=== WHAT TO WORK ON ===
Would you output the lines from the one with "于晶具有奉献精神、强烈的社会" through the last line of the material below, exactly, but without pictures?

=== SUPPLIED RECORDS ===
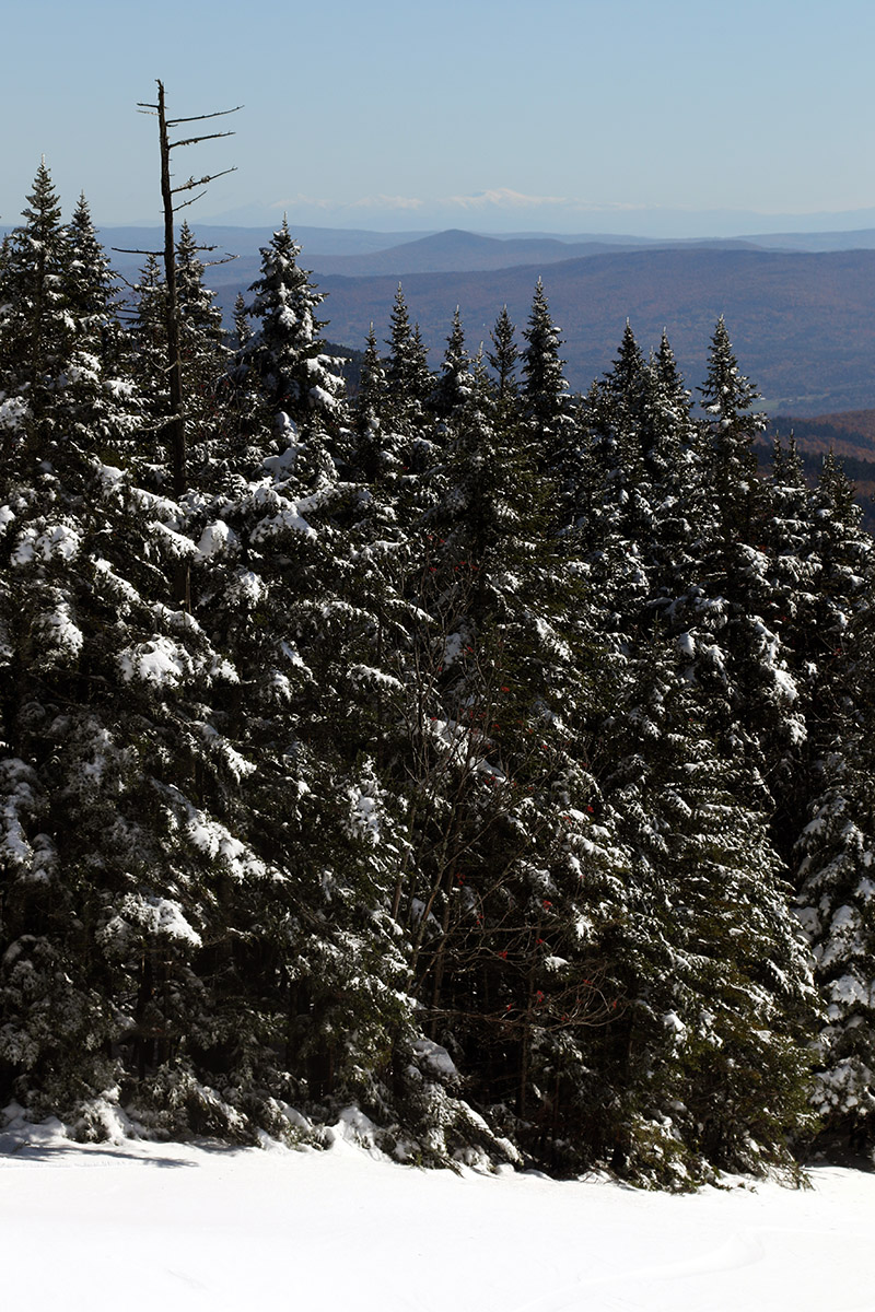 A view of the beautiful snow and foliage from the Top Notch area on my approach to the mountain today.
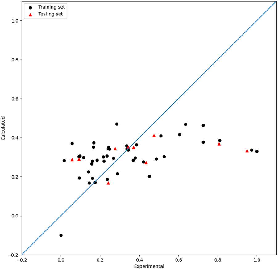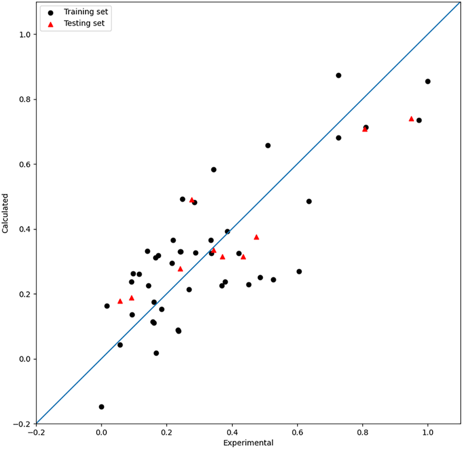 The compounds listed in Table 1 were taken from the following papers: Tu et al., 2021; Zhang et al., 2021; Zhang et al., 2022. All values were measured in the same experimental environment. The compounds were randomly divided into training and test sets, which contain 44 compounds and 10 compounds, respectively.
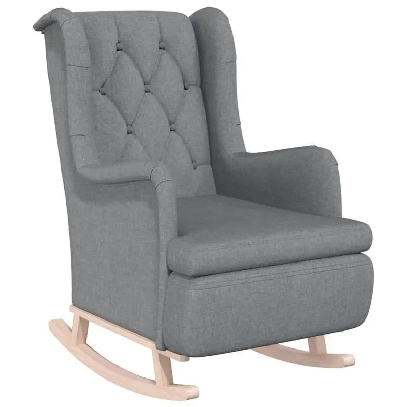 Křeslo ušák, relaxační, houpací, nohy světlé, látka šedá, HARPER
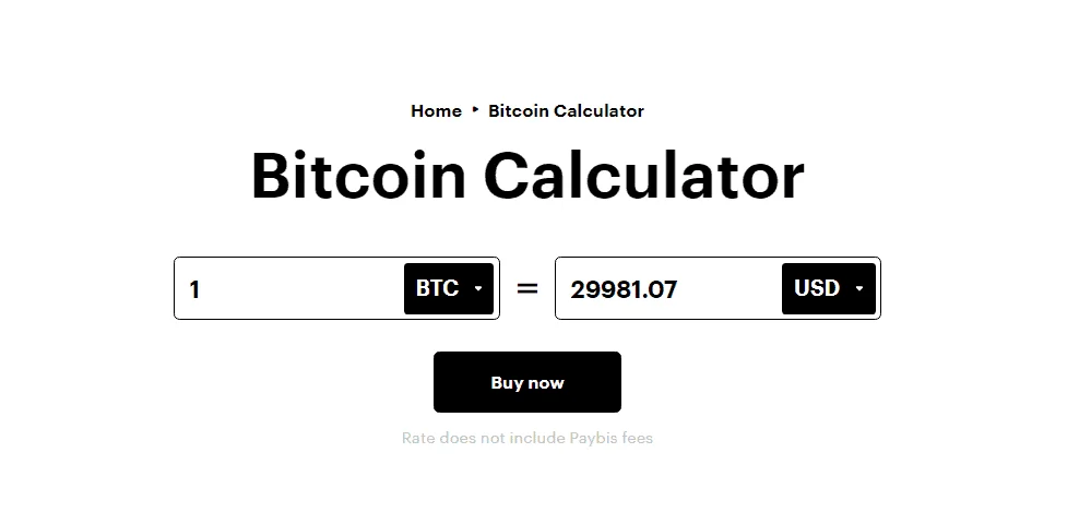 A conversion calculator is very useful. To find out how much a specific amount of any offered cryptocurrency will cost you, simply enter the amount into the Paybis website’s calculator.
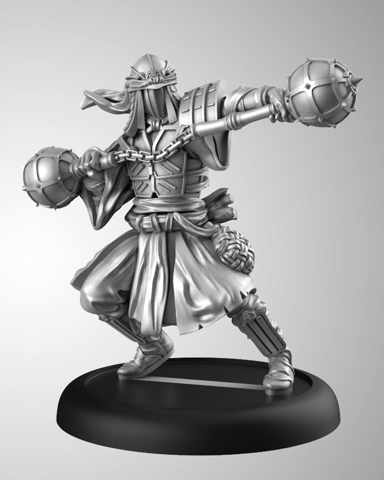 Jinichi is a valuable member of The North Star who adds a slightly different approach to what they do. He has perfected fighting with a strange weapon that is a unique combination of blade and chain, and the whirring sound it makes as he spins it is often the last thing his enemies hear before they die. Because of its reach, it can quickly get between a samurai and his sword, thus breaching his defence leaving him open to attack. The blades are designed to cut and tear the flesh from his enemies bones, while the chain can immobilise the arms or legs of the unwary. Jinichi is no stranger to the poison stores of his night-clad clan, and he incorporates this into his fighting style by anointing his blades with deadly toxins. Jinichi is a lethal killing machine with a penchant for tactics and terror.
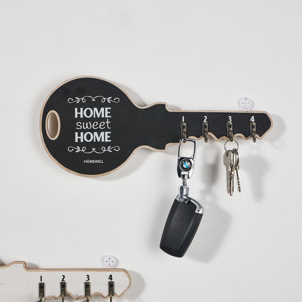 4 крючка, декоративный держатель ключей для стены, дизайн Home Sweet Home, черный
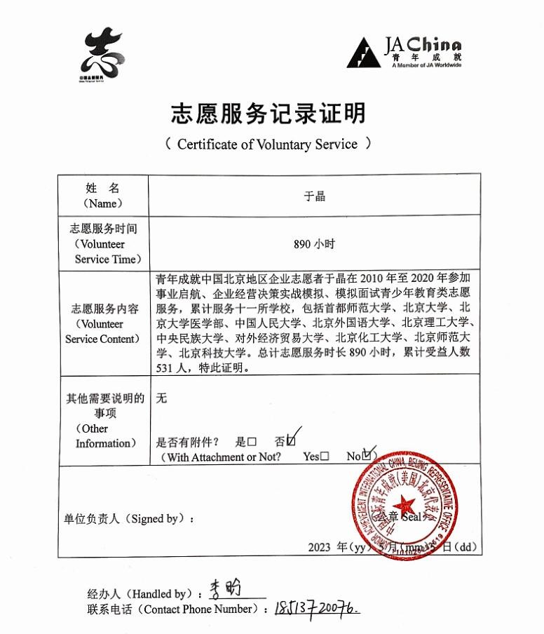 于晶具有奉献精神、强烈的社会服务意识,2010年加入非营利教育机构青年成就,担任企业志愿者,现已坚持10年,志愿服务890小时,走入北京大学等11所高校,为500多名学生讲授“事业启航课程”,帮助其提升就业准备、创业创新和可持续发展素养,助力青年成长。
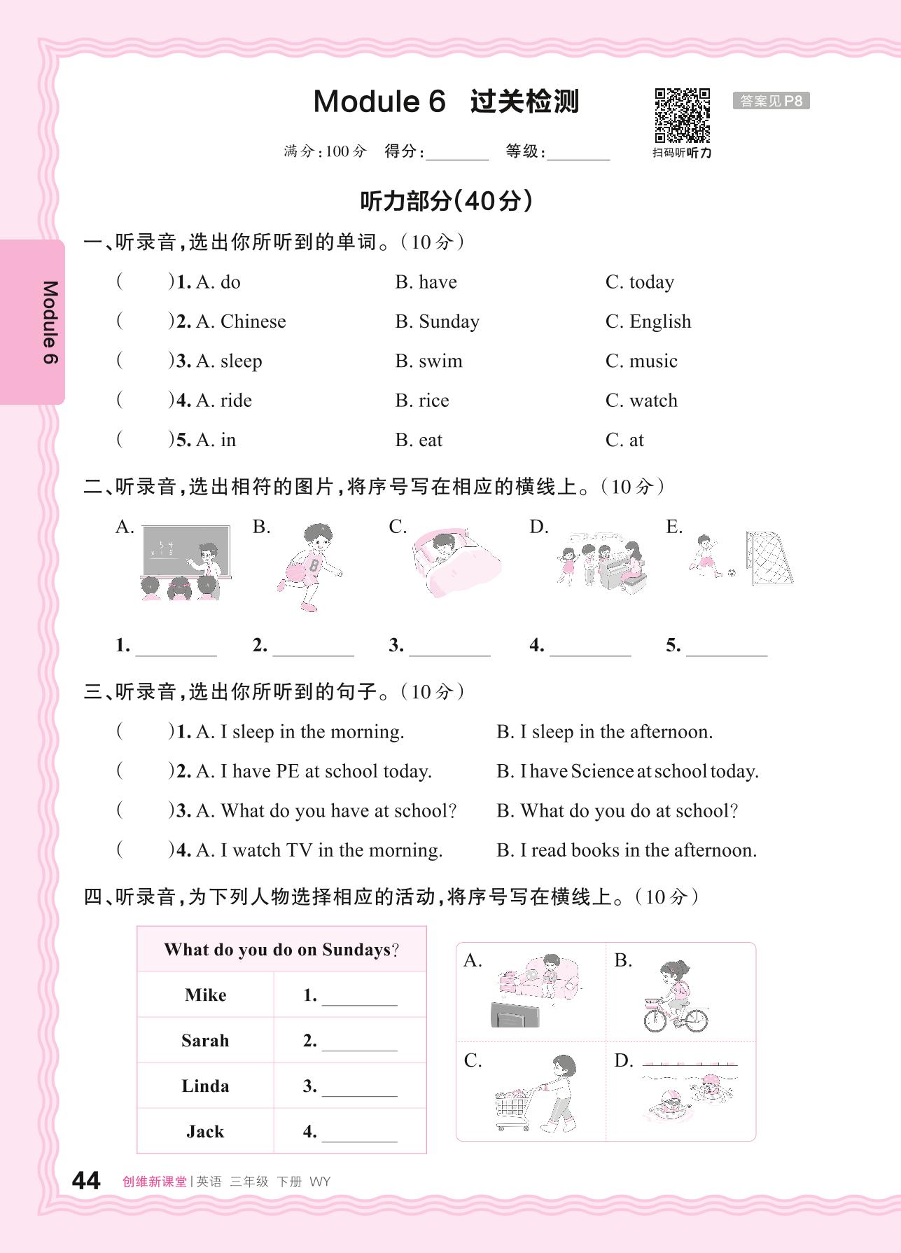 2024春下册三年级英语外研版 Module 6 过关检测

=== OUTPUT OF THE EXERCISE ===
 于晶具有奉献精神、强烈的社会服务意识,2010年加入非营利教育机构青年成就,担任企业志愿者,现已坚持10年,志愿服务890小时,走入北京大学等11所高校,为500多名学生讲授“事业启航课程”,帮助其提升就业准备、创业创新和可持续发展素养,助力青年成长。
 2024春下册三年级英语外研版 Module 6 过关检测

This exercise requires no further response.